While reviewing my Twitter feed I noticed a recent popular tweet from @0xdea.

I was intrigued and wanted to see if there was a way to leverage this to execute arbitrary code as root.

First we need to understand what the value of INT_MAX is. Fortunately the getconf command can be used to find the value or you can find it in /usr/include/limits.h.

[root@localhost ~]# getconf INT_MAX
2147483647

[root@localhost ~]# grep ‘define INT_MAX’ /usr/include/limits.h
# define INT_MAX 2147483647

To exploit the vulnerability the user must have a UID value larger than 2147483647. I used the same value of 4000000000 that @0xdea posted.

[root@localhost ~]# useradd -u 4000000000 user9
[root@localhost ~]# id user9
uid=4000000000(user9) gid=1006(user9) groups=1006(user9)

The first test case I attempted was to manage a service. I successfully started tuned(8) as a low privilege user.
CVE-2018-19788-start-tuned

Now that the vulnerability has been verified I was on a quest to find a way to execute arbitrary code as root. I approached this using the same methodology I use when attacking sudo rules.

  1. Learn about the command(man, info, Google)
  2. Search for options/parameters/functionality to abuse.
    1. Execute commands
    2. Load libraries
    3. File paths
    4. Environment variables
    5. Pipe or store output
    6. Configuration files
    7. Determine if other commands are executed (strace -f,ltrace -f -S)

After paging through the systemctl man page and trying various commands/options, I successfully leveraged the link parameter to deploy a custom service file on a CentOS 7.4 system. I suspect there are other systemctl parameters or options that be abused.

man page excerpt

link FILENAME…

Link a unit file that is not in the unit file search paths into the unit file search path. This requires an absolute path to a unit file. The effect of this can be undone with disable. The effect of this command is that a unit file is available for start and other commands although it is not installed directly in the unit search path.
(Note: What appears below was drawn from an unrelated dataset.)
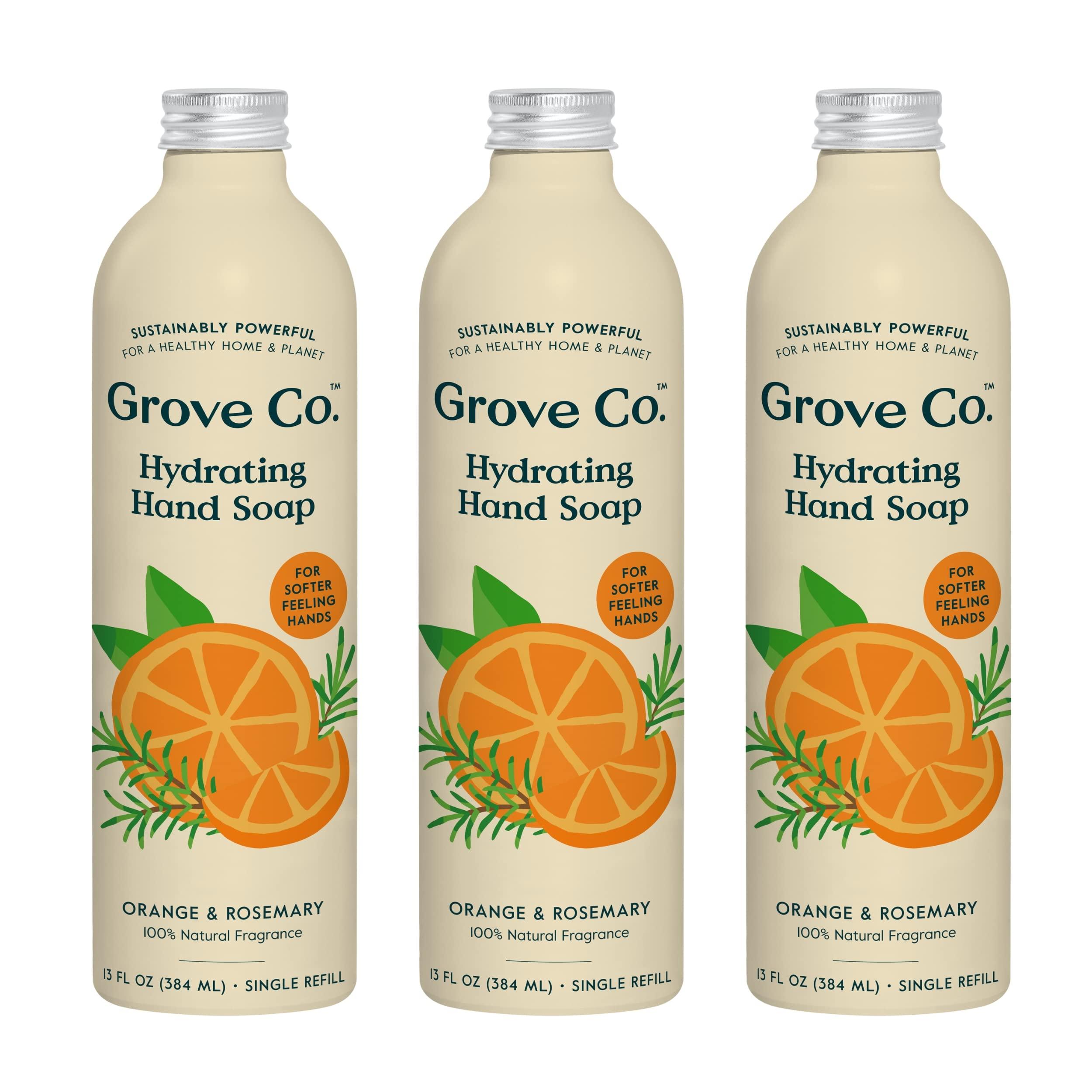 - GEL HAND WASH REFILL: A hydrating and concentrated Grove Co. Orange & Rosemary handsoaps refill crafted to be sustainably powerful for a healthy home and planet. Pair with our Reusable Hand Soap Dispenser. A durable and mindful housewarming gift

To achieve arbitrary code execution I copied an existing service file to my test users home directory and modified it. The main line to modify is ExecStart=, however I am sure there are plenty of other options but this was the easy button. The job is not connected to the standard I/O so I piped the output of id to the wall command. Full PoC here: CVE-2018-19788.sh. I asked @paragonsec to independently test it on his Debian system and he confirmed it was successful. Woot!

CVE-2018-19788

UPDATE

@paragonsec discovered a one-liner with the systemd-run command to get a full interactive root shell.

Summary

While this vulnerability should have limited exposure because of the large UID requirement, I still enjoyed the challenge of finding a way to leverage it to execute arbitrary code as root. Props to @0xdea for finding and disclosing the vulnerability. I appreciate @paragonsec for testing my PoC on short notice. My PoC was referenced in The Hacker News Warning! Unprivileged Linux Users With UID > INT_MAX Can Execute Any Command.